#### [INPUT DATA]
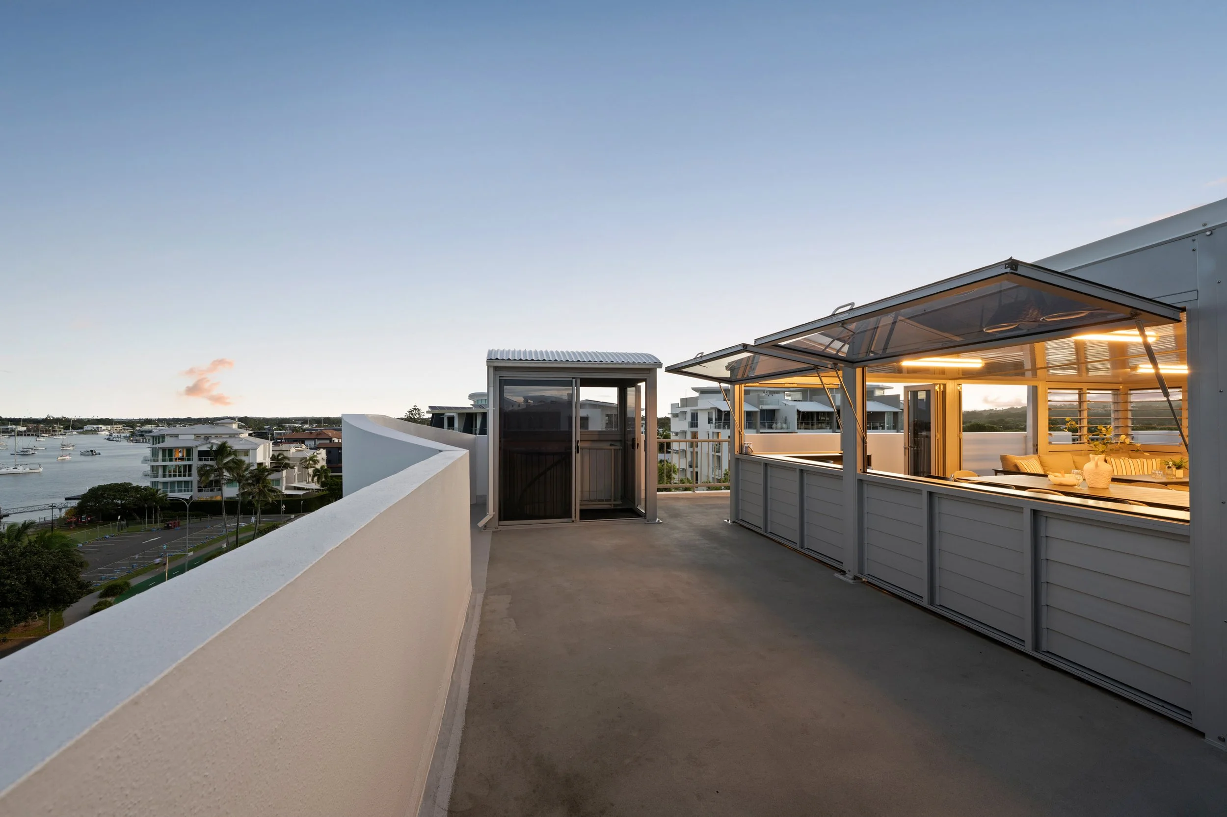 A true highlight of the property is the private rooftop terrace, accessed internally from the apartment itself. Thoughtfully improved by the current owners, this space features a built-in entertaining pavilion where you can host family and friends while soaking in views over the Mooloolah River and out toward Mooloolaba beach. It is the kind of feature that elevates the entire property, offering a unique extension of the living space and a private place to enjoy the coastal lifestyle from above.
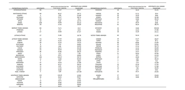 Tα κρούσματα στις περιφερειακές ενότητες που ανήκουν στην Αττική:
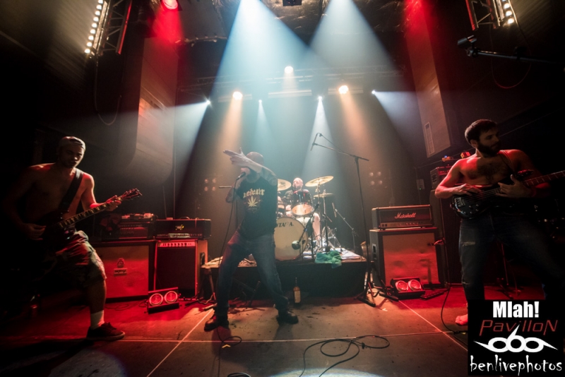 C'est donc Mlah! qui lance les hostilités en lâchant son sludge bien lourd mais avec des influences à la Black Sabbath. Nordine au chant donne tout ce qu'il a au public, tandis que Fabien assure, très concentré, ses riffs bien lourds à la gratte. La batterie de Nech est bien en place alors que Piotr, le bassiste se jette dans tous les sens comme à son habitude. Le show fini par être de plus en plus convivial et jovial, l'un de leur titre sera repris en refrain repris par les aficionados. Mlah! fait de plus en plus de concerts et l'expérience passée de ses membres (ex 6DTC) pourrait bien en faire un de ces groupes qui prennent de l'ampleur dans le milieu.
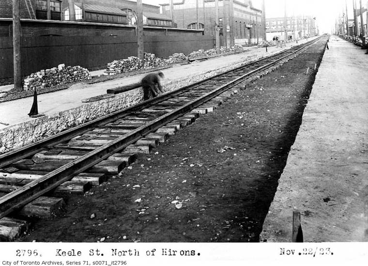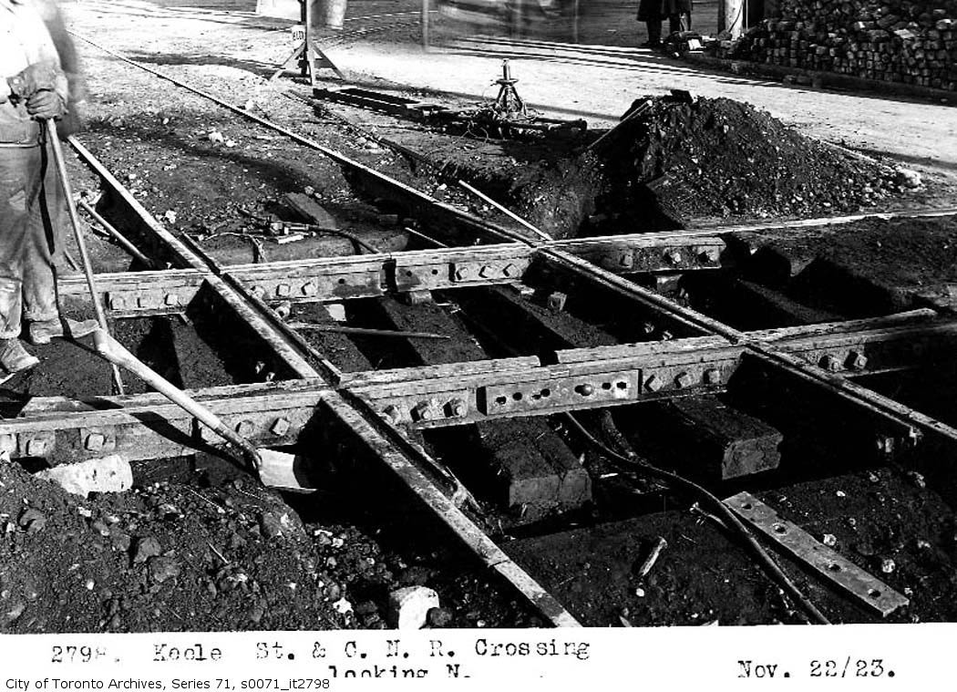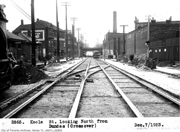 Crossover allows double-ended cars to return north as seen here. Heintzman piano factory at right. Note style of street light. Public lavatory at left. Try and find one of those today! Subway Hotel at corner of Vine Avenue and planing mill opposite.

#### [WHAT IS BEING ASKED]
Transcribe only the lines from the line holding "C'est donc Mlah!" to the final line of the listing above. Keep them exact, include both ends, and skip the pictures.

#### [SOLVED EXERCISE]
 C'est donc Mlah! qui lance les hostilités en lâchant son sludge bien lourd mais avec des influences à la Black Sabbath. Nordine au chant donne tout ce qu'il a au public, tandis que Fabien assure, très concentré, ses riffs bien lourds à la gratte. La batterie de Nech est bien en place alors que Piotr, le bassiste se jette dans tous les sens comme à son habitude. Le show fini par être de plus en plus convivial et jovial, l'un de leur titre sera repris en refrain repris par les aficionados. Mlah! fait de plus en plus de concerts et l'expérience passée de ses membres (ex 6DTC) pourrait bien en faire un de ces groupes qui prennent de l'ampleur dans le milieu.
 Crossover allows double-ended cars to return north as seen here. Heintzman piano factory at right. Note style of street light. Public lavatory at left. Try and find one of those today! Subway Hotel at corner of Vine Avenue and planing mill opposite.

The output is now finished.